Problem requirements » The part below that opens with the line containing "Рабочий диапазон Производительность" and closes with the line containing "相反,当股债收益差接近正两倍" should be copied exactly, minus any pictures.

Records supplied »

============

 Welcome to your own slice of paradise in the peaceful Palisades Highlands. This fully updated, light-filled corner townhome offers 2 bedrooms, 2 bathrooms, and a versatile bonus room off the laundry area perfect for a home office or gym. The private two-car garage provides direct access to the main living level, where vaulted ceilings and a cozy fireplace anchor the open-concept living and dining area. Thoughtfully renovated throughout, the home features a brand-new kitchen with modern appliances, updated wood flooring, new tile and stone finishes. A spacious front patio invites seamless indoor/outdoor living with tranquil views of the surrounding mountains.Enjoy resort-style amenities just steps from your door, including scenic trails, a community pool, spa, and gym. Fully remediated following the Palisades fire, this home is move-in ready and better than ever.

============

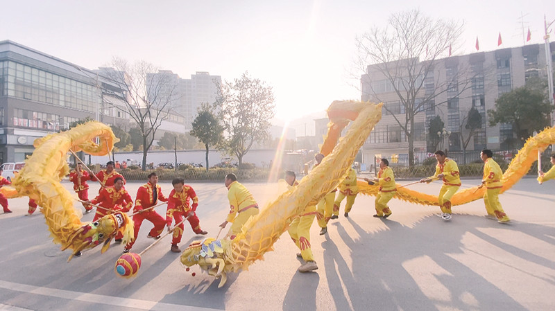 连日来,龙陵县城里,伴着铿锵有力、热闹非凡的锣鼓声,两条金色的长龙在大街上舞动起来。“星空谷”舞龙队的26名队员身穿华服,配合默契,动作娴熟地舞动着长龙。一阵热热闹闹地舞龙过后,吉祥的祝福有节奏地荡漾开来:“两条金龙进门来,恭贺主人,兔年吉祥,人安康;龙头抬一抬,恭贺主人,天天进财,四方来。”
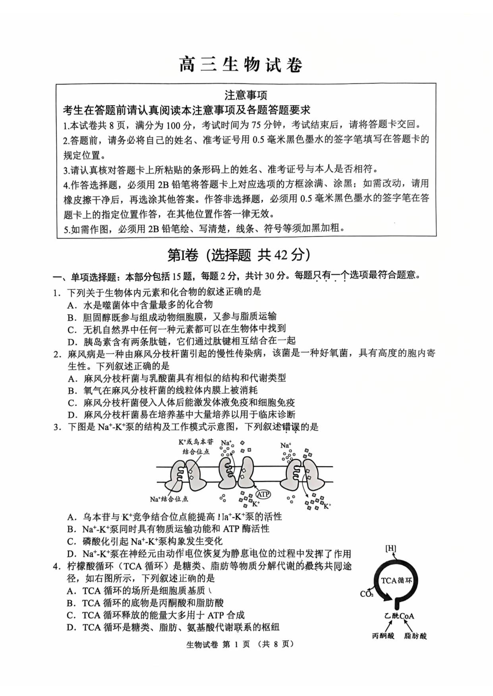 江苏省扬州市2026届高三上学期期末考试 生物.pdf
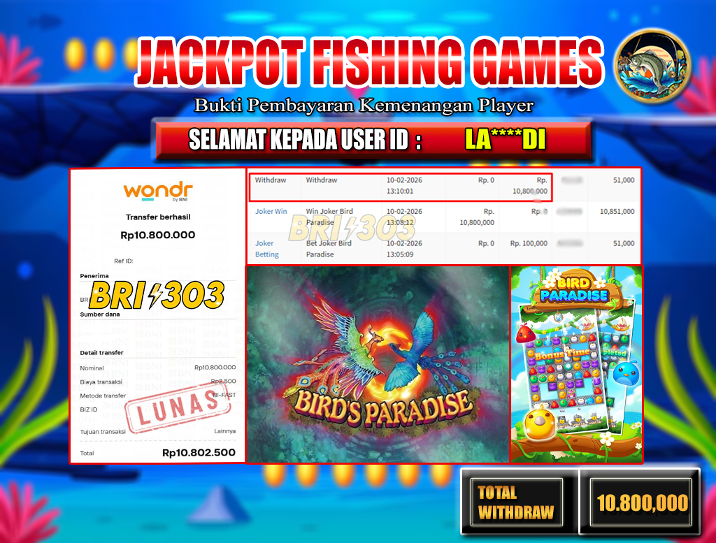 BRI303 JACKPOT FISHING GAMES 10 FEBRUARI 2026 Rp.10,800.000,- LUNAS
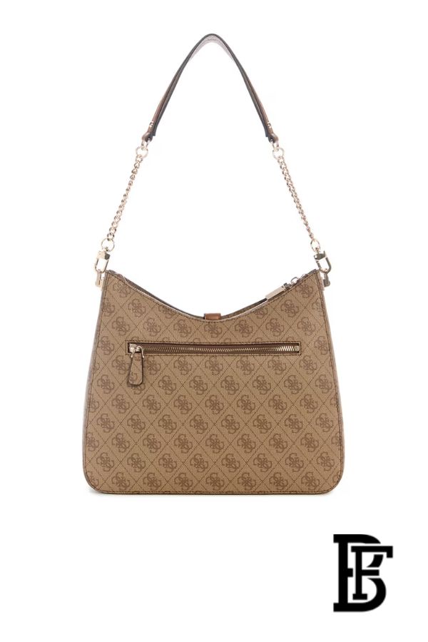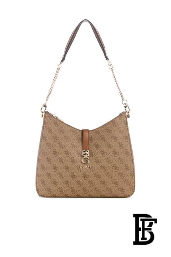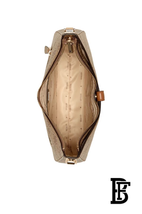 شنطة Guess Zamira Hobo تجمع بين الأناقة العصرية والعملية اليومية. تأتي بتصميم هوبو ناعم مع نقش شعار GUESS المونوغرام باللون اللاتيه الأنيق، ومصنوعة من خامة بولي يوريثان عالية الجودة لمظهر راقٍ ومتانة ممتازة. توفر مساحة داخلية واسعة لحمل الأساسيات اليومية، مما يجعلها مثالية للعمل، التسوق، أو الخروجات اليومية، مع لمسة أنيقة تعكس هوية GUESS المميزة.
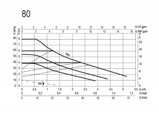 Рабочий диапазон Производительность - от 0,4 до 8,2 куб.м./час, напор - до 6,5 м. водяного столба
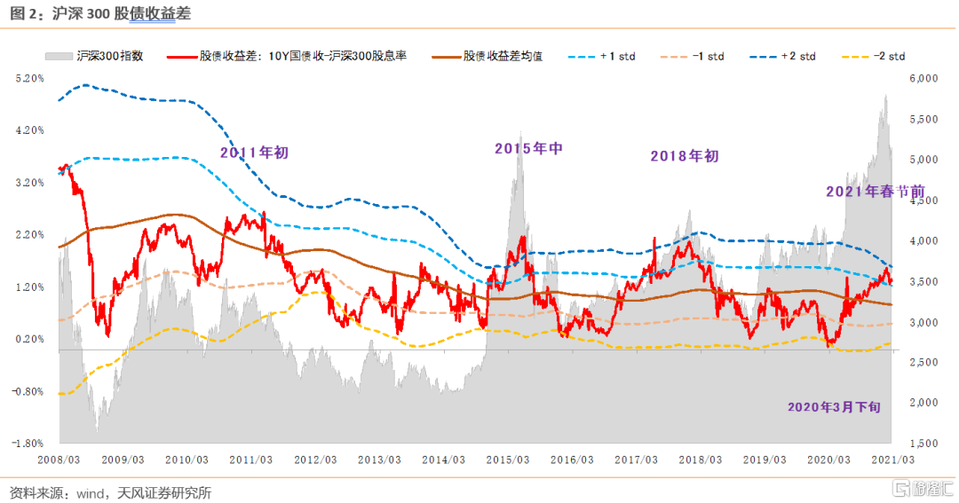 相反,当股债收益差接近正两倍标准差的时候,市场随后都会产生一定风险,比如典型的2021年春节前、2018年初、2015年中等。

============

Exercise output »
 Рабочий диапазон Производительность - от 0,4 до 8,2 куб.м./час, напор - до 6,5 м. водяного столба
 相反,当股债收益差接近正两倍标准差的时候,市场随后都会产生一定风险,比如典型的2021年春节前、2018年初、2015年中等。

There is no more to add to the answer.